73) Max DoMania © schrieb am 17.09.2022 um 22:28:59 zur Folge und der letzte Song: Vor kurzem wieder über diese Folge gestolpert und mir war gar nicht mehr bewusst, wie gut ich sie finde. Schön finde ich, wie ganz früh und sehr beiläufig viele Fährten ausgelegt werden, auf die man erstmal gar nicht achtet, die aber alle wichtig werden: Der Typ auf dem Schrottplatz, die Frau mit der Trockenhaube, Lennys Unfall, der Typ, der scheinbar ohne Grund auf der Party ist, wie viele Kellner es nun sind, die Brüder, die Spannungen innerhalb der Band, wer Durnell niederschlägt..., das hat alles richtig schöne Klassiker-Vibes, ohne wie ein Klassiker rüberzukommen.

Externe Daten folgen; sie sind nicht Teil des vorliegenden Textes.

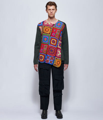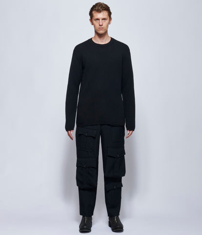 Crinkled polyester twill tapered leg pants in black. Zip fly single hook and bar and single button closure. Two pleats at each front leg. Two welt pockets at side seams waist front. Two welt pockets at back; left side features flap and single button closure. Belt loops at waist. 100% polyester. Dry clean only. JP sizing. Made in Japan. Model is wearing size M. Model is 6'2" and Chest 38 / Shoulder 19.5 / Waist 31 / Hip 37.5.

Die Szene nachts auf Moonlight Star ist unheimlich und super gemacht, obgleich man die Szene etwas eleganter hätte auflösen können als mit einem Cliffhänger à la Sonnleitner. Auch der Song, dessen Text ein Rätsel ist, gefällt mir.
Einzig gegen Ende verliert sich das Ganze etwas und wird ein bisschen zu sehr im Hauruck-Verfahren aufgelöst. Aber ansonsten ein echt guter Fall von Ben Nevis, der um diese Zeit rum eigentlich einige gute Folgen geschrieben hat wie den Pilot, den Eisenmann, die Kammer der Rätsel oder das weiße Grab.